KEVIN SPACEY oczyszczony z zarzutów o molestowanie 18-latka
Sąd w Massachusetts oczyścił Kevina Spaceya z zarzutów o molestowanie seksualne, jakiego miał się dopuścić w roku 2016. Jego ofiarą rzekomo padł wtedy 18-latek, którego – według słów jego oraz jego matki, dziennikarki z Bostonu – Spacey upił, a następnie rozpiął mu rozporek i dotykał genitaliów chłopaka. Ten uciekł, kiedy Spacey wyszedł do łazienki.

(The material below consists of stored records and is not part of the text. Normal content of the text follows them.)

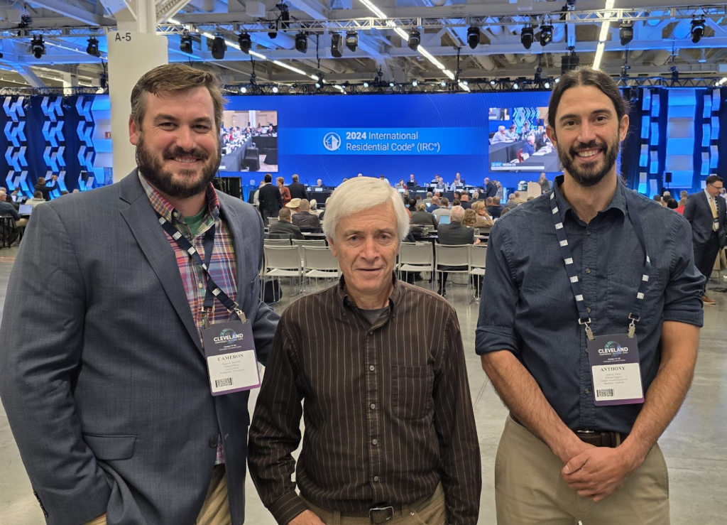Appendix BL – Hemp-Lime (Hempcrete) Construction in the International Residential Code (IRC) saw significant advancement at code development hearings in Cleveland. Myself, Anthony Dente of Verdant Structural Engineers, and hemp-lime builder Cameron McIntosh of PA-based Americhanvre testified before the 11-member IRC Committee on behalf of their code change proposal to include three fire-tested hemp-lime wall assemblies in the 2027 IRC. The proposal received unanimous approval.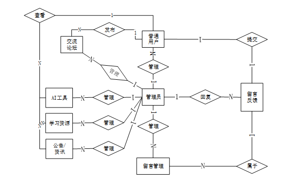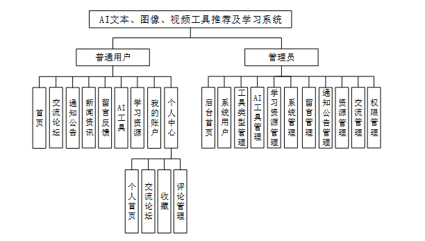 本研究采用Spring Boot作为后端框架,结合Java编程语言和MySQL数据库,构建了一个稳定、高效的系统架构。平台面向两类主要用户:普通用户和管理员。普通用户可以访问首页、交流论坛、通知公告、新闻资讯等板块,获取最新的AI技术和行业发展动态;同时,他们还能利用平台提供的AI工具进行文本、图像、视频的智能处理,并通过学习资源模块提升自己的技术水平。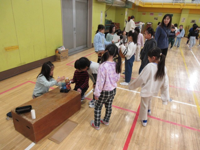 2年生がお店を開き、1年生が遊びに来ました。以前、2年生だけで実施した時よりお客さんが多く、みんな張り切っていました。素敵ない学年交流でした。
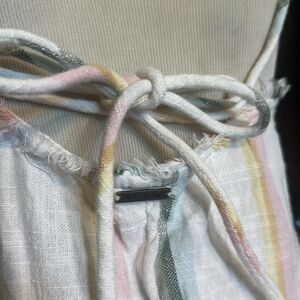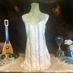 Beautiful summer dress. This ties in the back so you can adjust the length of the straps that way. This 100% cotton dress measures 16 inches pit to pit and is approximately 30 inches long.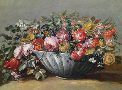| Still life of flowers with roses, lilies, carnations, and other blossoms in a porcelain bowl | |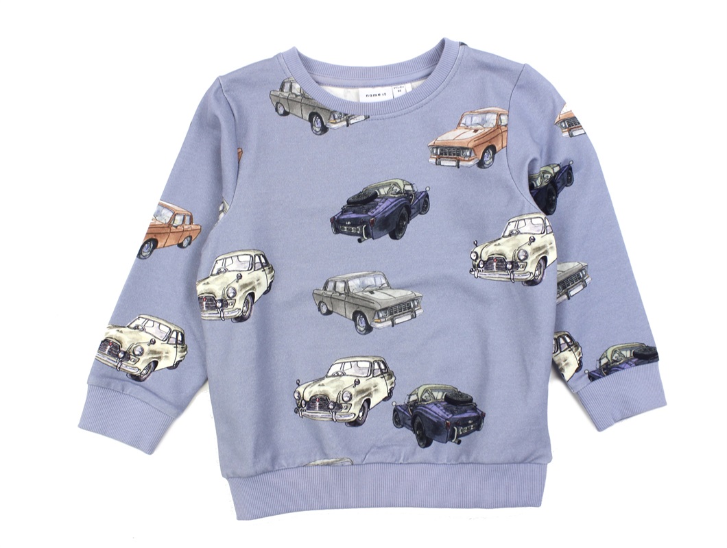 Sweatshirt i farven troposphere med print af veteranbiler fra Name It.
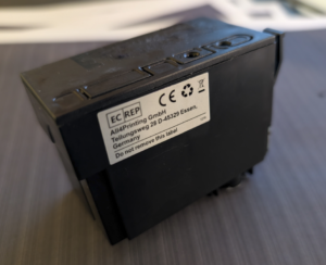 Also den Drucker geöffnet um die Patronen zu prüfen. Die Patronen besaßen alle auf der Seite ein Label der „All4Printing GmbH“ aus Essen. Eine kurze Recherche zeigt: Das ist ein bereits seit 2022 nicht mehr existierendes Unternehmen, was ein hohes Alter der Patrone nahelegt. Die Fertigungsqualität mancher Aftermarket-Patronen ist schlecht, jedoch möchte ich mir hier kein Urteil über das Produkt als solches erlauben. Sofort auffällig: Das Label der schwarzen Patrone war vollständig mit schwarzer Farbe gesättigt. Im Patronenhalter waren überall schwarze Farbreste. Außerdem: Das Lüftungsloch der Patrone war überklebt und damit nicht funktional. Der Aufkleber wurde daraufhin entfernt.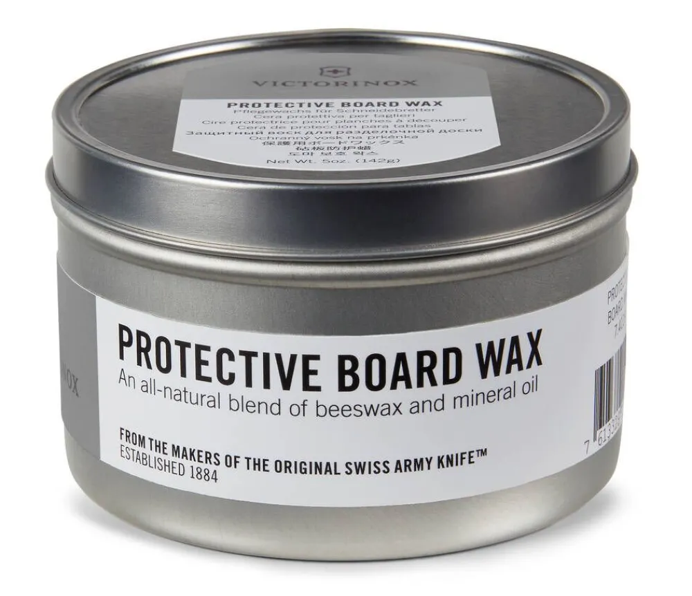 Mehiläisvahasta ja mineraaliöljystä koostuvan suojavahan säännöllinen käyttö auttaa säilyttämään Victorinox leikkuulautojen värin ja kiillon. Pese käsiteltävä tuote tavalliseen tapaan tiskiaineella ja kuivaa huolellisesti. Kun leikkuulauta on kuiva, voit levittää suojavahan mukana tulevan levityssienen tai puhtaan liinan avulla. Suojavaha on ensisijaisesti tarkoitettu Victorinoxin paperikompostiittileikkuulautojen ja -työvälineiden hoitoon, mutta sitä voidaan käyttää myös tavallisille puuleikkuulaudoille. Sisältö 148 ml.

Aktor od początku utrzymywał, że jest w tej sprawie niewinny. Punktem zwrotnym w sprawie okazał się brak dostępu do telefonu domniemanej ofiary, z wiadomościami, które mogłyby udowodnić, że oskarżenia wobec aktora są fałszywe. Prawnicy Spaceya zarzucili powodowi, że usunął je zanim zostały przekazane jako materiał dowodowy. Ostatecznie mężczyzna zrezygnował ze składania zeznań, które mogłyby obciążyć dwukrotnego zdobywcę Oscara. Wobec tego sąd wycofał zarzuty z powodu niedostępności powoda.
Prawnik rzekomej ofiary tak skomentował sytuację:
Mój klient i jego rodzina pokazali ogromną odwagę w trudnych okolicznościach. Nie mam nic więcej do powiedzenia.
Obrońca Spaceya jeszcze nie wypowiadał się w tej sprawie.
To nie koniec kłopotów aktora. Od jesieni 2017 roku wysunięto wobec niego ponad 30 zarzutów dotyczących napaści i napastowania seksualnego. Wśród oskarżycieli jest między innymi Anthony Rapp, wobec którego Spacey miał użyć przemocy w 1986 roku, gdy Rapp miał 14 lat.
W grudniu zeszłego roku aktor opublikował w sieci filmik, w którym stwierdził, że niektórzy wierzą we wszystko – nawet bez znajomości faktów.